Write the system of equations as an augmented matrix. Then solve for x and y.
5x-4y=12
-5x+3y=9
+5 -4 12 divide by 5 to get 1
-5 +3 +9
+1 -4/5 12/5 multiply by 5 and add
-5 +3.0 +9
+1 -4/5 12/5
+0 -1.0 21 multiply by -1
+1 -4/5 12/5
+0 +1.0 -21 so y = -21
now multiply second eqn by 4/5 and add to first
+1 -4/5 12/5
+0 +4/5 -84/5
+1 +0 -72/5
+0 +1 -21
x = -72/5, y = -21
To write the system of equations as an augmented matrix, we can simply arrange the coefficients of x and y as well as the constants on the right-hand side of the equations.

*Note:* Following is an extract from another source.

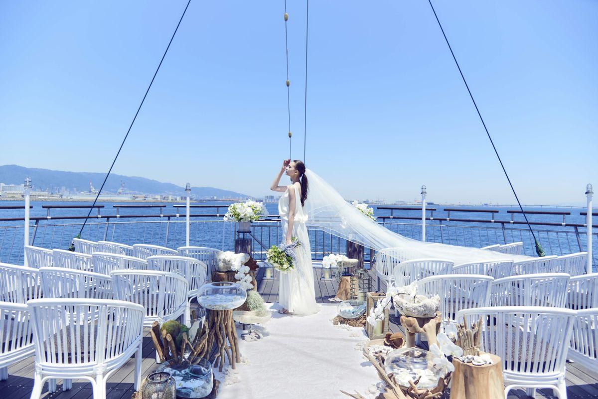 挙式は、メインマストの先の甲板部分に設けられたスペース「アクアマリン(収容人数100名)」と「船上デッキ(収容人数100名)」。

The augmented matrix can be written as:
[5 -4 | 12]
[-5 3 | 9]
To solve for x and y, we can use row operations to transform the augmented matrix into row-echelon form or reduced row-echelon form. Let's solve it using the Gaussian elimination method:
First, let's multiply the first equation by -1 to eliminate x:
-1 * [5 -4 | 12] = [-5 4 | -12]
Now, add the second equation to the first equation:
[-5 4 | -12]
+ [-5 3 | 9]
=
[0 7 | -3]
Now, divide the second row by 7 to simplify the equation:
[0 1 | -3/7]
This means that y = -3/7.
Now, substitute y = -3/7 into the first equation:
5x - 4(-3/7) = 12
5x + 12/7 = 12
Multiply the equation by 7 to get rid of the fraction:
35x + 12 = 84
35x = 84 - 12
35x = 72
x = 72/35
Therefore, the solution to the system of equations is x = 72/35 and y = -3/7.
To write the system of equations as an augmented matrix, we will transfer the coefficients and constant terms to a matrix form.

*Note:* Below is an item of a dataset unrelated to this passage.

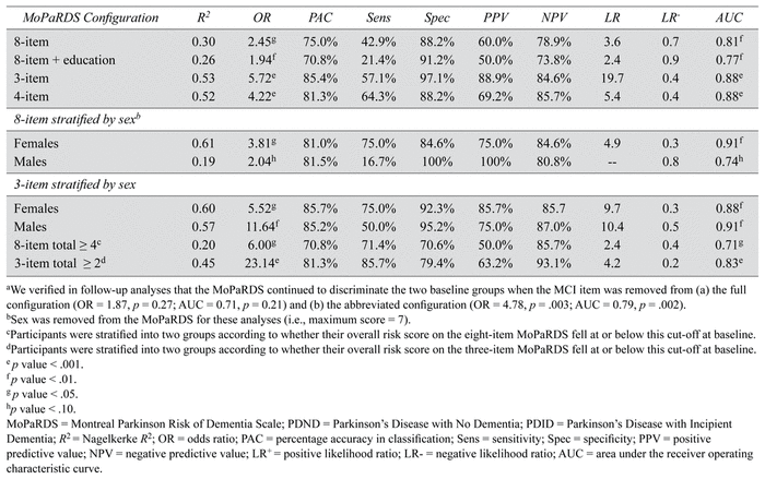 We evaluated these research directions with harmonized longitudinal data from a three-wave (three-year) study of a well-characterized(6–13) Western Canadian cohort of geriatric (aged 65+) PD patients. Five research goals (RG) were stipulated. For RG1, we examined whether two subgroups of an initially non-demented cohort of persons with PD (i.e., those who later converted to PDD and those who remained dementia free) were independently discriminated by baseline values for (a) each of the eight constituent MoPaRDS items, and (b) education. Because not all clinics or research cohorts will have access to all eight of the MoPaRDS items, for RG2 we examined predictive validity of overall risk scores on three alternative configurations: (a) the full (eight-item) MoPaRDS; (b)the full MoPaRDS plus education; and (c) an empiricallyderived abbreviated configuration. For RG3, we exploredwhether prediction patterns of overall risk scores varied across sex. For RG4, we determined the optimal cut-off points for apositive screen result. For RG5, we examined change trajectories of overall risk scores across the three waves.

The system of equations is:
5x - 4y = 12
-5x + 3y = 9
The coefficients of x and y, as well as the constant terms, will go into the matrix.
The augmented matrix is formed by arranging the coefficients of x and y, and the constant terms, in a matrix with vertical bars representing the equal sign.
So, the augmented matrix will look like this:
[5 -4 | 12]
[-5 3 | 9]
To solve for x and y using the augmented matrix, we will perform row operations to transform the matrix into row-echelon form or reduced row-echelon form.
Let's now perform the row operations to solve the system of equations.
**Step-by-step Solution:**
1. Perform the required row operations to get a leading coefficient of 1 in the first row.
- Divide the first row by 5: R1/5 -> R1
- The augmented matrix becomes:
[1 -4/5 | 12/5]
[-5 3 | 9]
2. Perform the required row operations to eliminate the coefficient of x in the second row.
- Multiply the first row by 5 and add it to the second row: 5*R1 + R2 -> R2
- The augmented matrix becomes:
[1 -4/5 | 12/5]
[0 1/5 | 3/5]
3. Perform the required row operations to get a leading coefficient of 1 in the second row.
- Divide the second row by 1/5: (1/5)*R2 -> R2
- The augmented matrix becomes:
[1 -4/5 | 12/5]
[0 1 | 3/5]
4. Perform the required row operations to eliminate the coefficient of y in the first row.
- Multiply the second row by 4/5 and add it to the first row: (4/5)*R2 + R1 -> R1
- The augmented matrix becomes:
[1 0 | 12/5 - (4/5)*(3/5)]
[0 1 | 3/5]
5. Simplify the augmented matrix.
- Perform the necessary calculations to simplify the entries:
[1 0 | 12/5 - 12/25]
[0 1 | 3/5]
6. Final step, interpret the augmented matrix.
- The simplified augmented matrix represents the solution to the system of equations. The first row tells us that x = 12/5 - 12/25 = 48/25 - 12/25 = 36/25. The second row tells us that y = 3/5.
The solution to the system of equations is x = 36/25 and y = 3/5.